Checkmate - Dorothy Dunnett [51]
Lymond was whispering. His voice, agreeably eerie, echoed through the foggy stone vaulting.
‘O God breake thou theyr teeth at once
Within theyr mouth throughout
The tuskes that in their great chaw bones
Like Lions whelpes hang out.’
The two figures hesitated. Philippa fitted a dart to her blowpipe. Lymond’s voice, a little louder this time, said hollowly, ‘May Gibil devour you! May Gibil catch you! May Gibil kill you! May Gibil consume …!’
The words rose to a shout. The clash of steel on stone drowned it. The man nicknamed Ringwood had rushed into the traboule. With a roar and a sweep of his sword he slashed the hooded figure which loomed in the darkness. The head of St Peter, immovably benign, jumped from its shoulders. With equal precision Lymond stepped from the shadows and forced his sword through the hide, flesh and bone of Ringwood’s broad leather back.
Ringwood fell. The statue tottered. Lymond pulled out his sword. Philippa, vouchsafed at last a perfect view of Royster plunging in to the rescue, aimed her sarbacane, took a deep breath and spat.
Royster screamed. Two other shapes, rushing precipitately in from the roadway, hesitated, stopped, and remained suspended, like washed-out dye, in the entrance. Lymond kneeling said, ‘Christ.… My dear girl, you’ve killed him.’
‘I meant to,’ said Philippa irritably. ‘To devise is the work of the master: to execute, the act of the servant. There’s a courtyard there with a couple of workshops, a turnpike tower and a stable.’ She spat again, and a yell came from the mouth of the traboule. One of the shadows, clutching its shoulder, was cursing. She said, ‘You could try banging on a few doors, but they’ll be mad if they answer,’ and realized that she was talking to herself: Lymond had passed her like a wraith and was already in the courtyard banging on doors. The two men at the entrance of the traboule stayed where they were, debating. The man or men at the opposite end had made no further sign either. It seemed to argue that they were pretty certain there was no escape possible. She thought they were probably waiting for reinforcements.
Philippa put the pipe in her teeth like a flautist, and kicking off her shoes, began unhooking her bodice. The men in the entrance arch faded and vanished. She called, ‘They’ve gone! Mr Crawford!’ and hopped to her feet, kicking aside her discarded gown and petticoat as Lymond, reconstituted, became again visible.
He examined the traboule entrance and with equal interest the knee-length chemise of his companion. ‘At least we’ll let them think we think so,’ he said. ‘What in God’s name are you doing?’
‘Looking for a piece of string,’ said Philippa. ‘Since someone gave away my pearl cincture.’

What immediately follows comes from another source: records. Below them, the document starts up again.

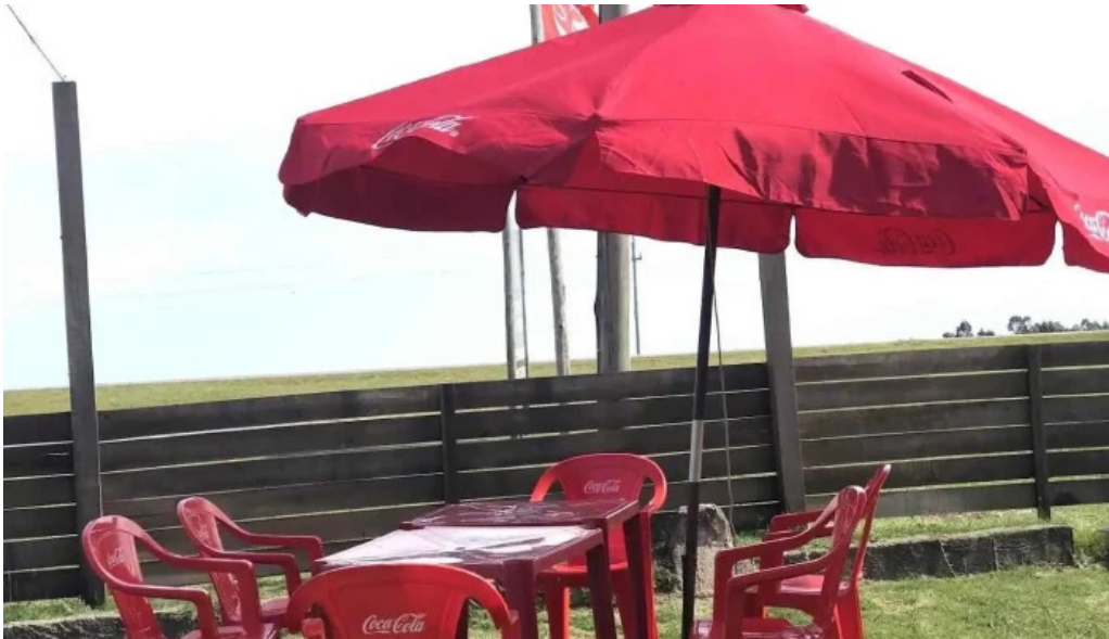
Carbon sabor solis de mataojo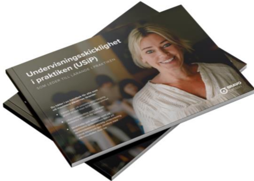
Observationsunderlaget och boken Undervisningsskicklighet i praktiken (USiP)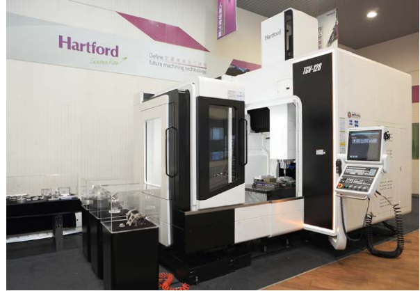
하트포드는 중간 규모부터 대규모까지 다양한 3-축 및 5-축 CNC 기계를 생산합니다

공작 기계의 정밀 조립과 배치 역시 매우 중요하며, 5-축 공작 기계는 \pm 6 \mu\text{m} 미만의 편차로 배치해야 합니다. 기계 위치와 함께 선형 및 각도 오차를 모두 측정하기 위해 Renishaw XL-80 레이저 간섭계가 사용됩니다. XL-80은 국제 표준에 준하는 파장을 갖는 매우 안정적인 레이저 빔을 생성합니다. 안정적인 고 정밀 레이저 광원과 정확한 환경 보정 덕분에 \pm 0.5 \text{ ppm} 의 리니어 측정 정확도를 보장합니다. 하트포드는 공작 기계의 X-축과 Y-축이 올바르게 매치되고 오차가 5 \mu\text{m} 미만으로 유지될 수 있도록 Renishaw QC20-W 볼바 측정 시스템을 사용해서 여러 작동 속도에서 교차 검증을 수행합니다.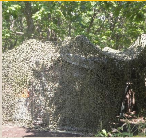
第七偵察隊指揮所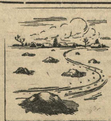
Как не надо складывать навоз в поле.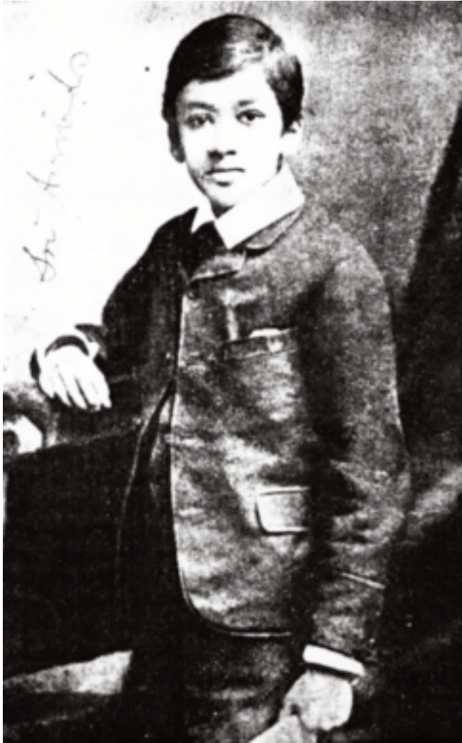
Sri Aurobindo à l'étranger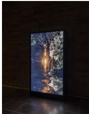
Installationsansicht der Ausstellung The Ephemeral Lake – Eine digitale Installation von Jakob Kudsk Steensen , 12. April bis 27. Oktober 2024, Hamburger Kunsthalle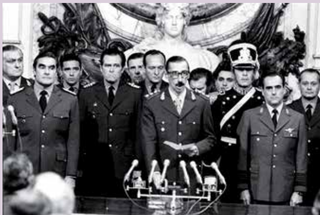
Dictadura militar en Argentina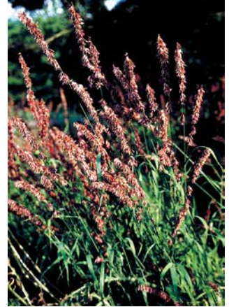
MELICA altissima var. atropurpurea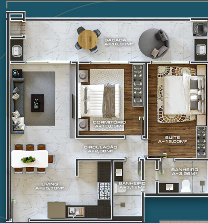
APTO TIPO 106/206/306 ÁREA PRIVATIVA = 83,81M 2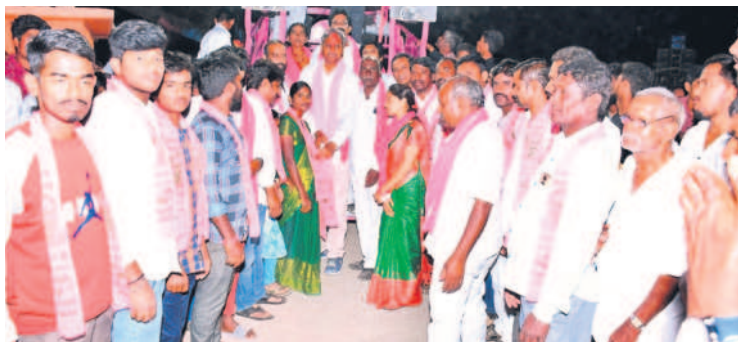
పల్లా సమక్షంలో బీఆర్ఎస్ చేరిన సీపీఎం, కాంగ్రెస్, బీజేపీ నాయకులు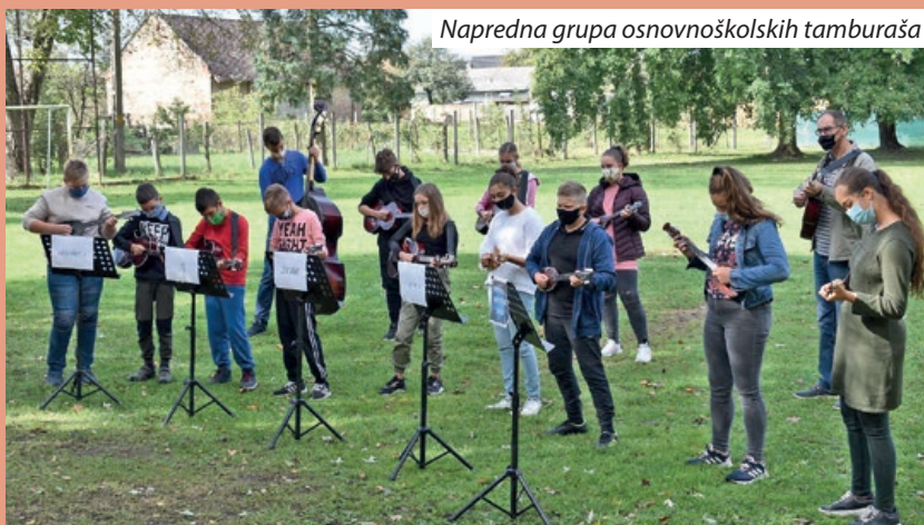
Napredna grupa osnovnoškolskih tamburaša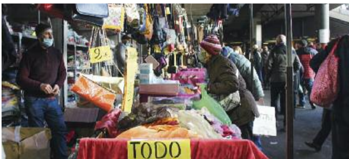
Un dia laboral al Mercat dels Encants.

Les dificultats que comparteix Nebot també s'evidencien parlant amb alguns dels paradistes del mercat. Adbul Chekror, que té una parada de diferents articles de segona mà, recorda que l'augment de casos ha fet baixar força el nombre de clients. I el pit-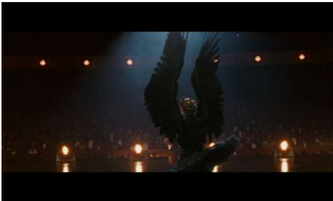
Рисунок 11 Танец черной лебеди

Вообще сыпь Нины становится все больше и больше, по мере развития её психоза, пока в конце она не покрывается перьями (рисунок 11).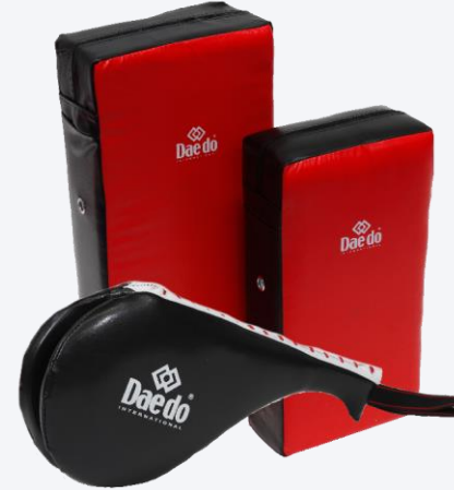
نموذج لمضارب التدريب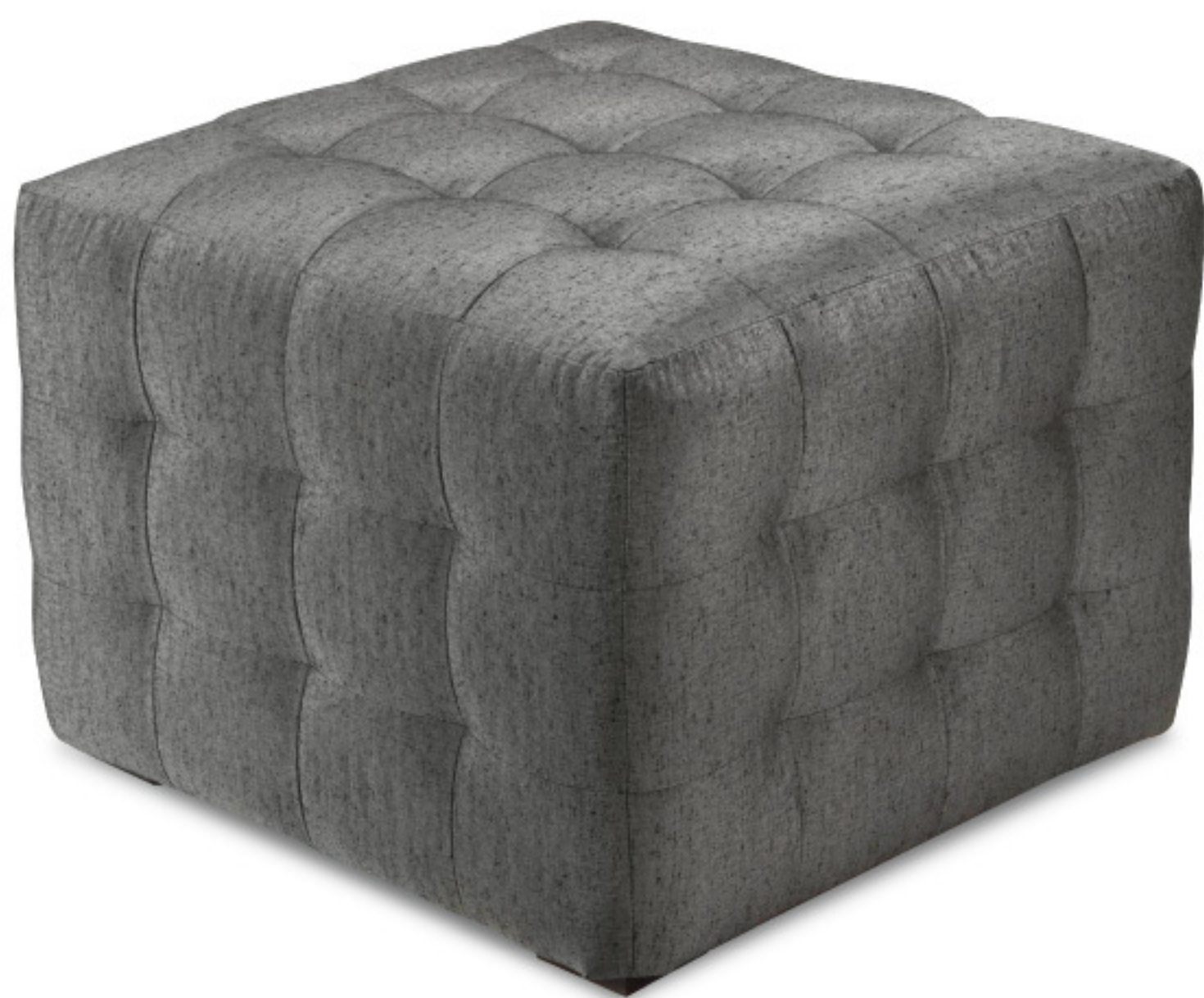
MH 3641 Banqueta Assento fixo, com percintas elásticas.

Lymond pulled undone the knot of his shirt and tossed her the silk cord with its aiglets. ‘Kirtle your chemise up with that, and keep your cloak on. I’ve managed to break a few locks. There’s a horse, a knife-grinder’s and a shoemaker’s workshop. Hurry. They’re bound to try and come in from the quayside.’
She took St Peter’s lamp with her. He had the courtyard lanthorn already inside the stable. The cobbler’s workshop produced thirty left-footed shoes on a spar, a greasy felt helmet and a tunic apron, the last two of which covered her hair and her chemise respectively. She chose two identical shoes and jammed them on, hopping, prior to making one or two fast dispositions. A horse’s feet, trampling excitedly inside the stable, told that Lymond was occupied also. She returned from the traboule in time to see him race over the courtyard and up the first flight of a turnpike.
He came down again almost immediately. ‘There’s a group of men on the quay at our entrance.